Saya tentu tidak akan menyebutkan faktor-faktor yang membuat mereka banyak berguguran di medan tempur aksara tersebut. Namun yang pasti, menjadi penulis sama halnya ketika kita berharap menjadi PNS. Dari sekian juta orang yang mendaftar, siapa yang dapat masuk dan bertahan sebagai PNS yang sebenar-benarnya PNS?
Begitu pula ketika kita berharap menjadi status-status yang lain. Misalnya menjadi komikus. Dewasa ini, sejak platform komik online muncul di beberapa negara, termasuk di Indonesia. Membuat banyak orang yang menyatakan diri sebagai pemilik otak kreatif berlomba untuk berkarya di bidang tersebut. Berhasilkah?
Tentu, ada yang berhasil. Namun, dengan jumlah calon komikus yang sebanyak itu, tentu ada yang gagal. Mengapa?
Mindset.
Tidak sedikit orang yang berpikir bahwa menjadi komikus adalah satu step di atas penulis. Penulis di sini dapat difokuskan sebagai penulis naskah fiksi (novel, cerpen, dan sejenisnya). Jika sedikit dibandingkan, mereka yang “hanya” menulis, hanya mampu menyajikan karya dalam bentuk tulisan. Sedangkan komikus dapat menghadirkan kisah dalam dua bentuk langsung; teks (dialog dan situasi) dan gambar (tokoh, tempat, dan adegan). Bisa dikatakan komplit. Betul?

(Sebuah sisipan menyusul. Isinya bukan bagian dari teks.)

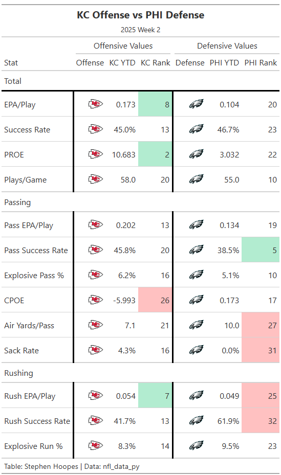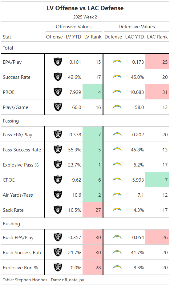 • The Chargers opted to pass at a rate well above expectation with great success as a means to avoid a strong Chiefs run defense.
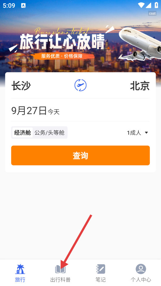 2、进入APP后,点击底部导航栏中的【出行科普】选项,进入出行科普页面。
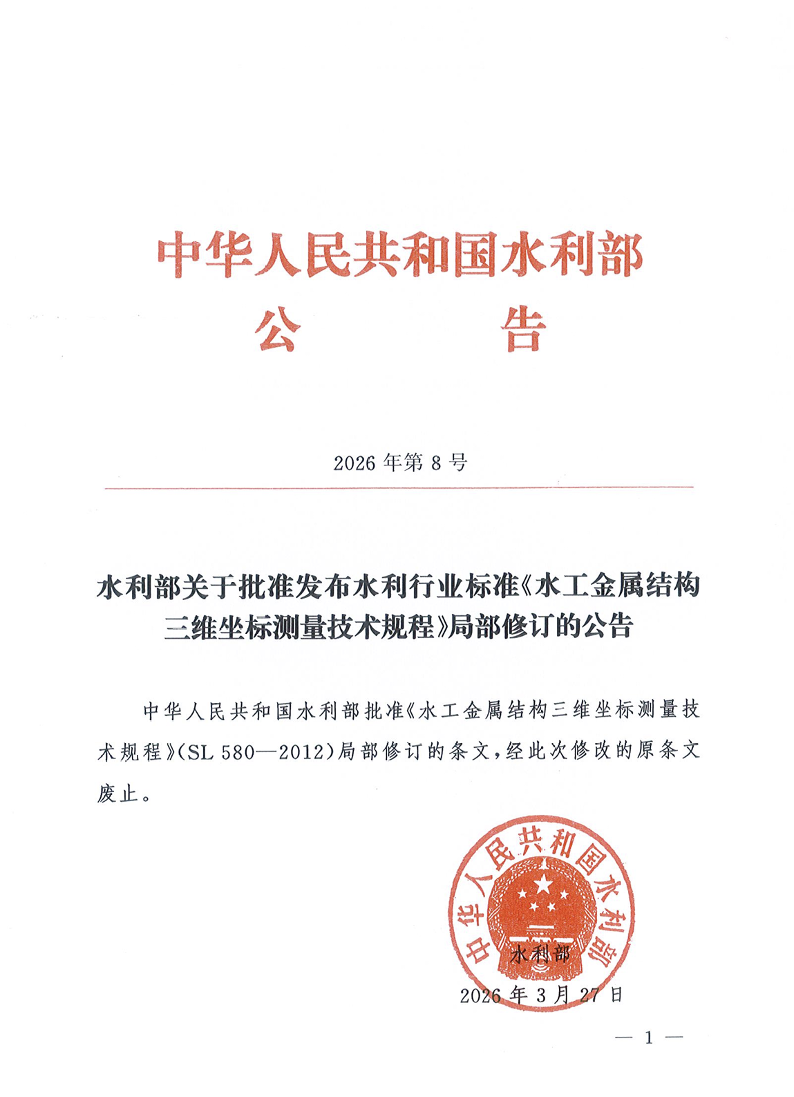 水利部关于批准发布水利行业标准《水工金属结构三维坐标测量技术规程》局部修订的公告

Lalu, apakah benar keduanya tidak berada di level yang sama?
Ada yang bisa menjawab, “iya, mereka berbeda levelnya”. Boleh saja dijawab demikian, jika memang patokannya seperti yang sudah diungkap di atas. Namun, ada yang dapat mengatakan “tidak. Mereka sama”. Mengapa?
Karena, tanggung jawab mereka sama. Si penulis tanggungjawabnya adalah menghasilkan tulisan yang sudah selesai dan selamanya boleh hanya menjadi karya tulis, alias tidak perlu ngebet untuk diangkat menjadi film, serial, maupun teater, meski tulisannya dapat disebut bagus. Sedangkan si komikus tanggungjawabnya adalah menuntaskan karyanya dalam bentuk komik. Dia juga tidak perlu berharap bahwa karyanya harus difilmkan, dianimasikan, ataupun diadaptasi ke bentuk-bentuk lain. Toh, tanggungjawabnya sudah selesai kok.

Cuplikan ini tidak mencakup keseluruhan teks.